What weakens the immune system?

Certain things can weaken the immune system, including:

“Immunity is the most expensive system we have. It costs a lot of calories,” Brinkworth said. “So it’s not very surprising that in endurance athletes and people who do extreme training, we were seeing downregulation of immune function.”

Brinkworth said when the body is stressed — such as during calorie restriction — it can turn off the adaptive immune response in order to save energy.

“You can argue that some of the things Hof is suggesting are dangerous,” Brinkworth said, “because it would potentially lead to this decline in adaptive responses if you did it persistently.”

Read more: Treating pain with heat and cold.

Taking a more moderate approach to physical activity can have many benefits.

“Why should we go to extremes when we just need to exercise?” says Ellen Glickman, PhD, a professor of exercise physiology at Kent State University and a self-proclaimed “person of moderation.”

The Centers for Disease Control and Prevention (CDC) recommend adults take at least 150 minutes of moderate-intensity aerobic exercise per week and 2 or more days of muscle-strengthening activities per week.

The CDC says physical activity can help reduce your risk of diseases (such as type 2 diabetes), control your blood pressure and maintain a moderate weight.

Glickman says aerobic exercise can be “just as engaging” and provides many benefits, such as improved cardiovascular health, improved overall health and well-being, calorie burning, and increase in endorphins.

Spending time outdoors, not just in extreme conditions, can be beneficial. Natural settings can improve short-term memory, relieve stress, reduce inflammation, and help you focus.

Read more: How long to get in shape?

It depends on who you ask.

“Evolution shapes health. Health is the result of evolution,” says Brinkworth. “That’s absolutely true.”
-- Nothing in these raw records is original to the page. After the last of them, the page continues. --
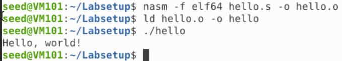 利用命令行 nasm -f elf64 hello.s -o hello.o 编译汇编代码,用 ld hello.o -o hello 链接生成可执行文件,运行 ./hello: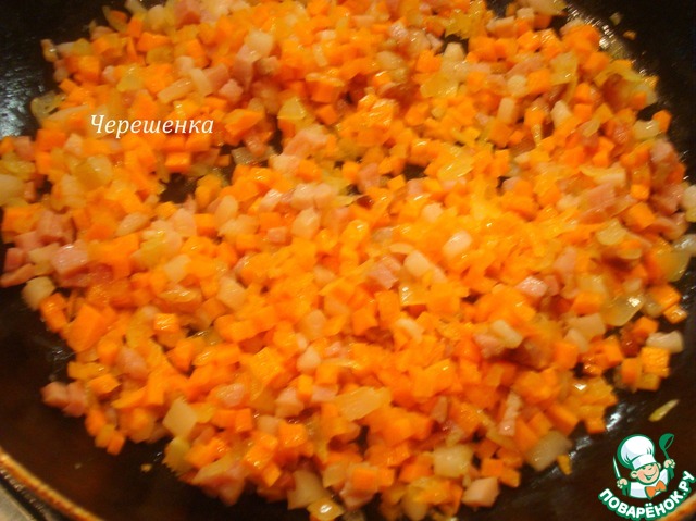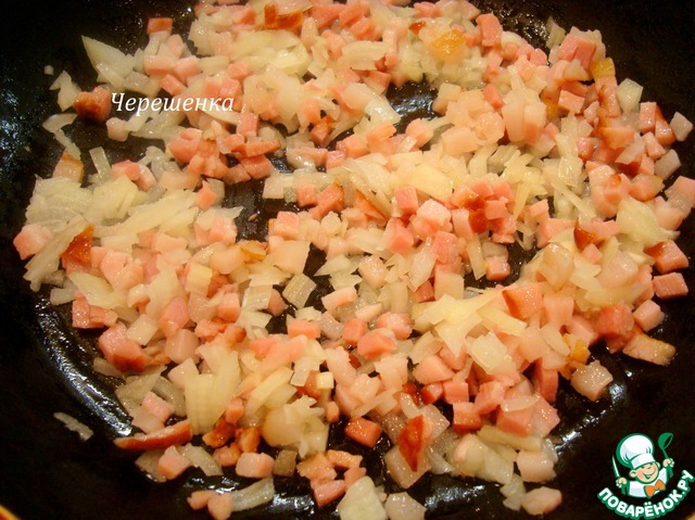 Обжарить сначала лук и грудинку минут 5.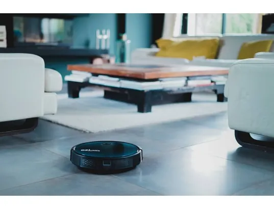 La faible hauteur de 7,6 cm permet au robot de passer sous de nombreux meubles tout en couvrant efficacement tous types de sols : parquet, carrelage, moquette et tapis. Sa navigation gyroscopique Navig+ optimise les trajectoires pour limiter les passages inutiles et améliorer la couverture des pièces. Avec un niveau sonore de 55 dB, il travaille de manière discrète, adapté aux espaces de vie partagés. Le collecteur de 0,6 l offre une capacité correcte pour des cycles complets dans des surfaces jusqu'à 120 m² préconisés. Compatible Google Home et Alexa, il s'intègre dans une utilisation quotidienne connectée avec des commandes simples et un contrôle à distance.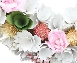 üppige Blumendeko, frische Farben, Holz, Kunststoff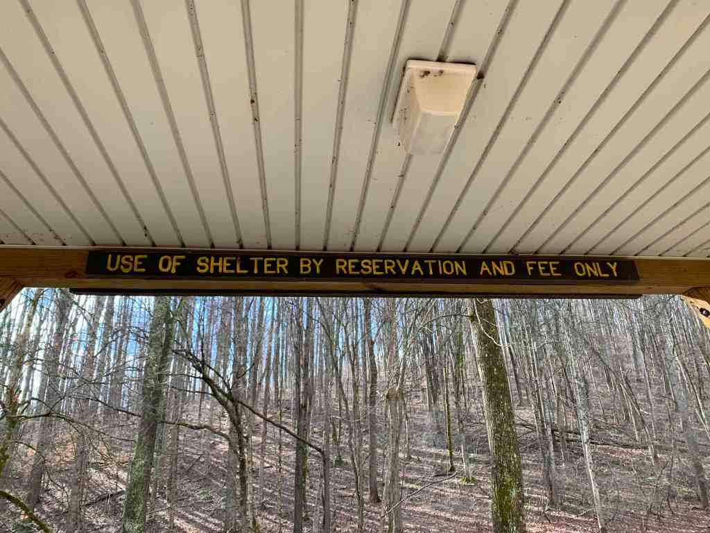 Since it was lunch time, we sat down in one of the picnic pavilions to eat. Signs warned us that we had to have reservations and pay a fee to use the pavilion, but we decided that wouldn’t be an issue on this cool day.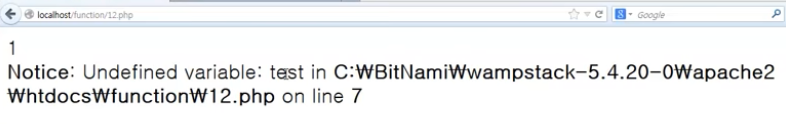 전역에도 $test가 있고 지역에도 $test가 있으면
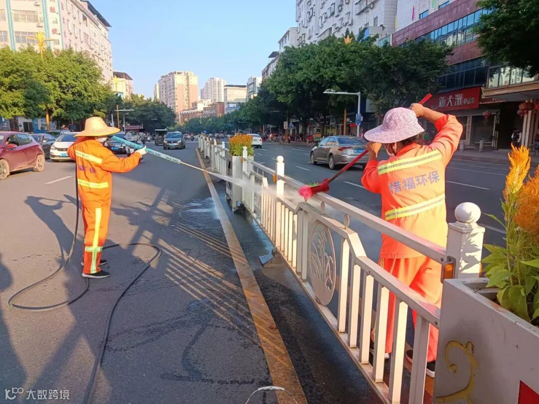 4、机械与人工相结合对马路中间护栏进行冲洗。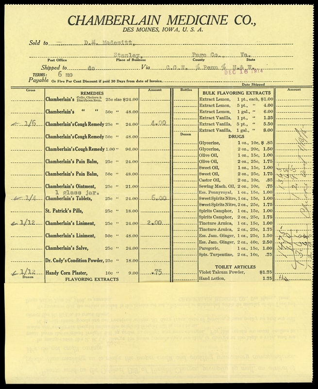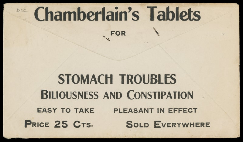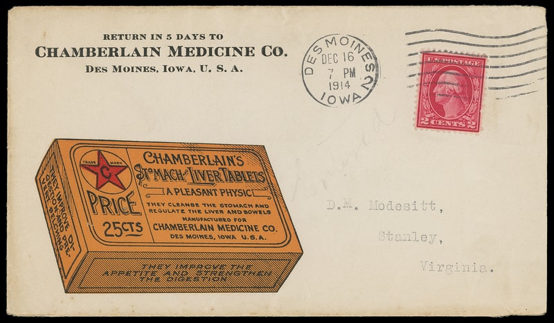 (Medical) Chamberlain Medicine Co, Des Moines, Iowa, bicolor illustrated advertising showing "Chamberlains's Stomach and Liver Tablets" medicine box with additional text advertising on reverse of cover bearing 2¢ Washington (429) tied by "Des Moines, Iowa, Dec 16, 1914" machine cancel to Stanley Va., with enclosed invoice for $14.25; reduced slightly at right, Very Fine.

She points out that evolution should definitely guide how we treat disease and help people stay healthy, “but it has to be done knowingly with real biological information.”

Other scientists wonder if living like early humans makes sense from an evolutionary perspective.

Kyle Summers, PhD, an evolutionary biologist at East Carolina University, told Healthline that while “substantial” changes occurred in the human genome during the Pleistocene period, “it is also likely that there have been a significant amount of evolutionary changes during our most recent evolutionary history, including the some 10,000 years since the origins of agriculture.

Summers says it’s also difficult to know exactly how early humans lived.

Environmental conditioning has its proponents, but others warn of a healthy dose of skepticism.

“While I think ideas from the paleo community may have some merit in certain contexts, it’s hard to separate valid ideas from those that are overly speculative and unsubstantiated,” says Summers.

There is also the risk of going too far. Being too paleo human-like may not be all it’s made out to be.

“If you want to live in difficult circumstances and deliberately stress yourself long-term and avoid modern drugs and modern concepts of hygiene,” says Brinkworth, “you are going to have the same lifespan as other members of the [early] Gender Homo – it’s 30-35 years old.

Environmental conditioning is the idea that humans have adapted to survive the extreme conditions of primitive humanity. By recreating some of these conditions, such as exposing yourself to extreme cold, some people claim you can experience certain health benefits and boost the immune system.

However, there is little research on environmental conditioning, and most of the studies that have been done have relied on a small sample of participants.

There is a stronger body of science showing that a more moderate approach to physical activity has many benefits.